Every poll relies upon the cooperation of its subjects—a poll can’t record the opinions of people who toss their reply card in the trash or who slam down the phone when they hear the voice of a pollster. As a result, all polls are subject to “volunteer bias” that can inject an enormous amount of error into the poll. The census is no different. Every single household in the United States gets a census form, and the majority fill it out, but quite a few don’t. In 2000, roughly one in three households didn’t bother to return their questionnaire. To get an accurate count of the population, the Census Bureau still has to count the citizens in the households that refused to respond. This is where the big spending comes in. The bureau dispatches thousands of census workers who spend months going from household to household tracking down nonrespondents. The harder it is to get a household to respond, the more money is spent to try to contact the people in that household, but the bureau keeps trying until they run out of time and are required, by law, to give Congress the results. By the end of the process, the bureau manages to wring data out of all but about 2 percent of the population. It’s an extraordinary effort. But it still is full of errors.

Not only has the census failed to reach 2 percent of the population; it accidentally double-counts about 1 percent. This means that for all that effort, the census is only good to within about ten million people, plus or minus. This plus or minus is enormously important, politically; these ten million people would be entitled to roughly fourteen representatives in the House. It’s incredibly disheartening; all that time and money spent, and errors in the census are still huge. These errors are impossible to correct by ordinary means. The government could theoretically stake out the homes of every single nonrespondent, but that would cost astronomical amounts of money, and even this wouldn’t manage to catch everybody. Even with double its current budget, the Census Bureau can’t do much better with its measurements than they already are. However, the situation isn’t hopeless. There is a way to reduce these errors enormously by using a set of statistical tricks known collectively as sampling.

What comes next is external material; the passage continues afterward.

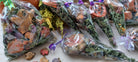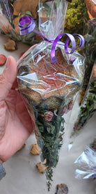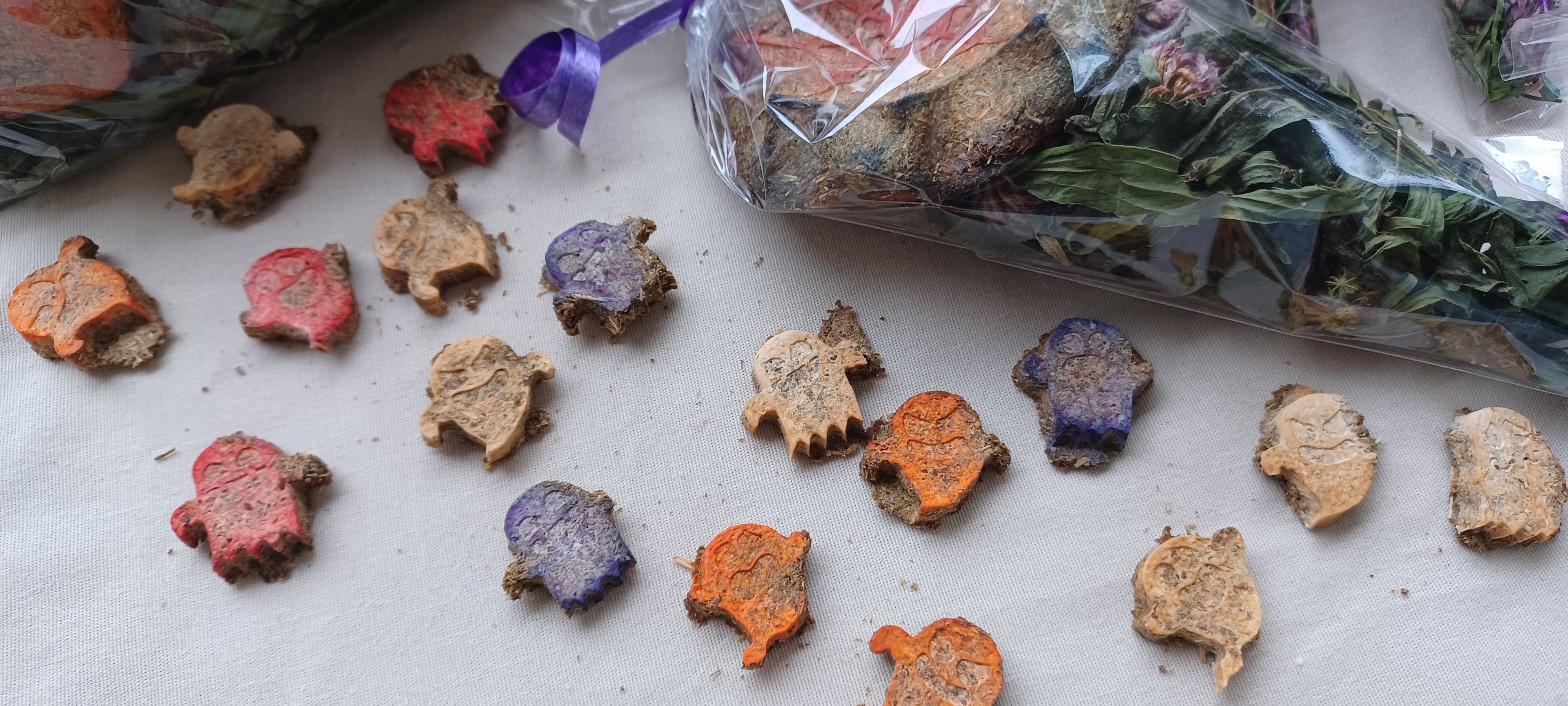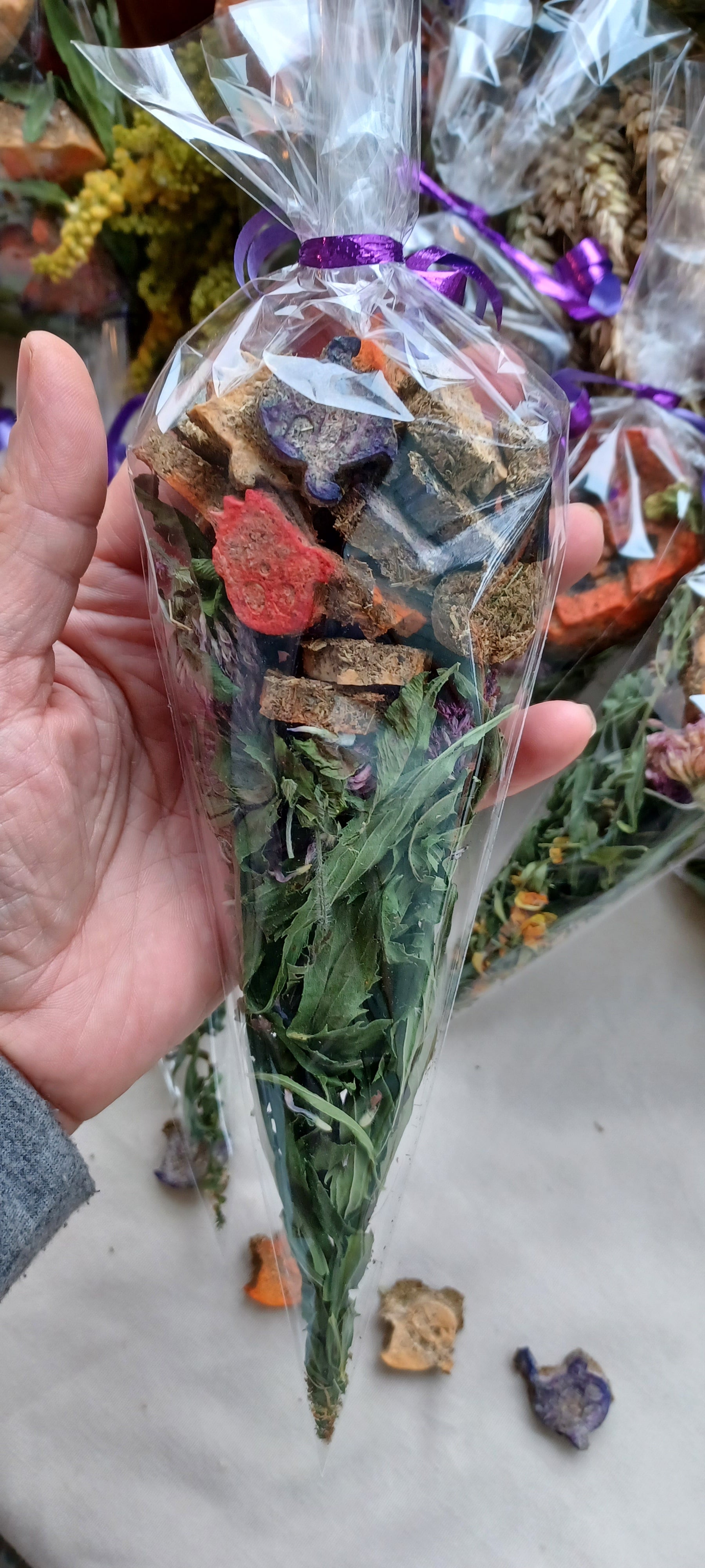 Ils contiennent environ 30 à 32g de friandises en forme de fantômes assortis ou encore une grosse friandise en forme de toile d'araignée ! Au total, environ 35 à 36 g par cône. Les herbes sont des feuilles de verge d'orge et des fleurs de trèfle rouge. Tout cela est enveloppé avec un joli ruban ! Un beau petit cadeau d'automne à offrir !!!

The best way to understand sampling is through an example. Imagine that there’s a shallow pond that’s full of trout and minnows. The government has hired you to count how many fish the pond contains. You row gently from one end of the pond to the other, counting the fish that you see along the way. You come up with a count of 599 trout and 301 minnows. Your grand total is 900 fish in the pond, about 67 percent of which are trout and 33 percent minnows.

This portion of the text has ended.